Chemical engineering principles can be applied to scale-up formulations of drugs into large production in continuous manner. There are number of advantages for preferring continuous processes over batch modes. The quality will be higher, process cost will be lower. Capital investment and plant costs can be depreciated over reasonable periods of time. Centralized control is possible in continuous processes. The raw materials can be procured in whole sale prices. The finishing operations for the product such as formation of capsules, coating, coloring etc can be sewn into the process flow with benefit. Productivity will be higher and product uniformity will be more. The residence time in the reactors can be lowered and the throughput can be increased. Less manual labor is required. Inventory costs will be on the lower side. Enviromental impact is more benign in the case of continuous process compared with batch mode. Depending on the demand optimal strategies can be devised. Some times space can be minimized for the same throughput.

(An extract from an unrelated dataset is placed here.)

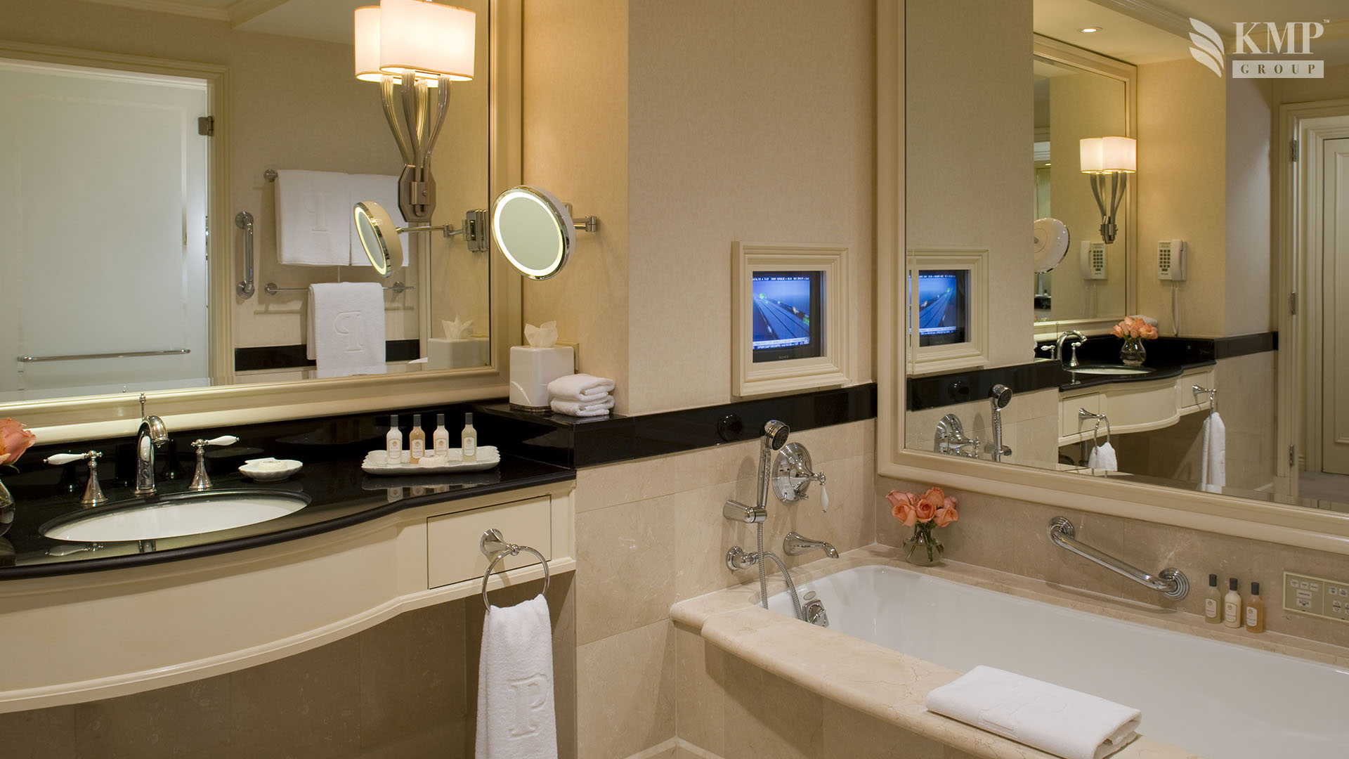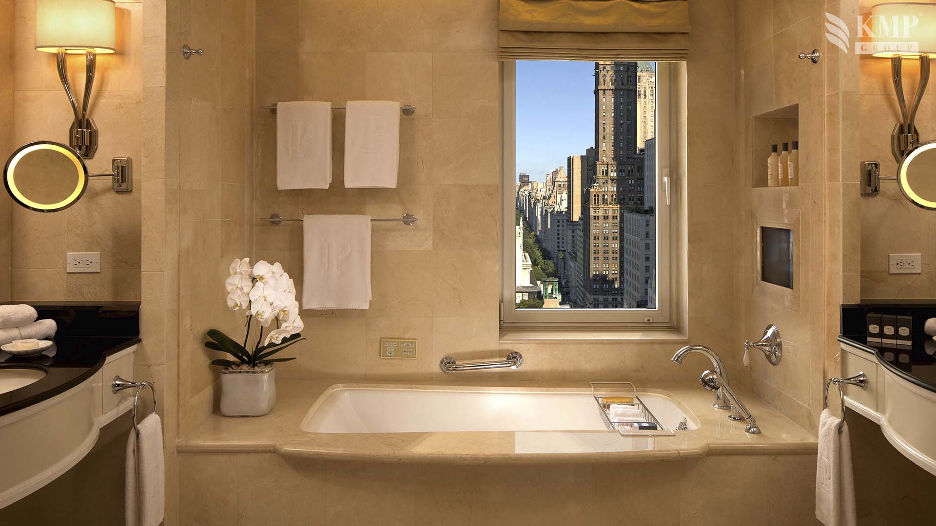 Grand deluxe room (45 кв. м): прихожая, спальня с двуспальной кроватью, ванная комната с ванной и отдельной душевой кабиной. Дополнительно: принтер, возможность подключения iPod. Расположены с 4 по 20 этаж. Вид на Пятую авеню или на 55 улицу.

Some of the hurdles that needs to be overcome in order to have widespread use of continuous processes for pharmaceutical production is the misperceptions of higher risk. A paradigm shift and outside the box thinking is needed for continuous production of drugs. Investors who are happy with current methods need be better informed. They may be used to the conventional pharma units with stepwise reactions, purifications and final product formulations were performed in the batch mode. Change to continuous does not mean that there is need for more engineering and operating skill. Chemical engineers are trained in order to accomplish some of the goals such as crystallization, purification, reaction, separation and heat transfer steps needed in pharmaceutical production. Handling solids need expertise in powder technology, continuous crystallization and particulate processing. Use of continuous crystallization can result in cost savings of about 50%. Start-up and shut down procedures in the continuous processes can be optimized using transient models tested on the computer. FDA approvals for the drug can be used effectively using quality inspections in process implementation. FDA encourage continuous production. Optimization of the total cost of operation with tradeoffs of operating costs and capital costs can result in arrival of certain number of stages for each unit operation used. Expertise in separation, purification and integration of biocatalysis are needed for continuous pharmaceutical production.

The industrial controls market size is expected to reach ~ 150 billion dollars world wide. Process dynamics can be studied using desktop computers and proactive process solutions can be sought. Stability analysis using a pencil and paper can lead to a better perspective on the range of operation of the process variables. Control and automation have grown tremendously with the advent of computers and programmable logic controllers, PLCs. Plant start-up, Plant Shut-down operations gets more attention of the lead engineer compared with those during steady-state operation of the plant. Transient analysis is not well studied.. Transient behavior of chemical reactors, distillation columns, absorption towers, adsorption beds, extraction units and other unit operations needs to be better studied.

Collegiate education methods have to keep pace with the developments in the field of industrial controls. Moore’s law states that computing speed of microprocessors double every 18 months. Biological databanks double in size every 10 months. Mathematical methods for model development have been refined over centuries. The methods and means available to the engineer need be better utilized.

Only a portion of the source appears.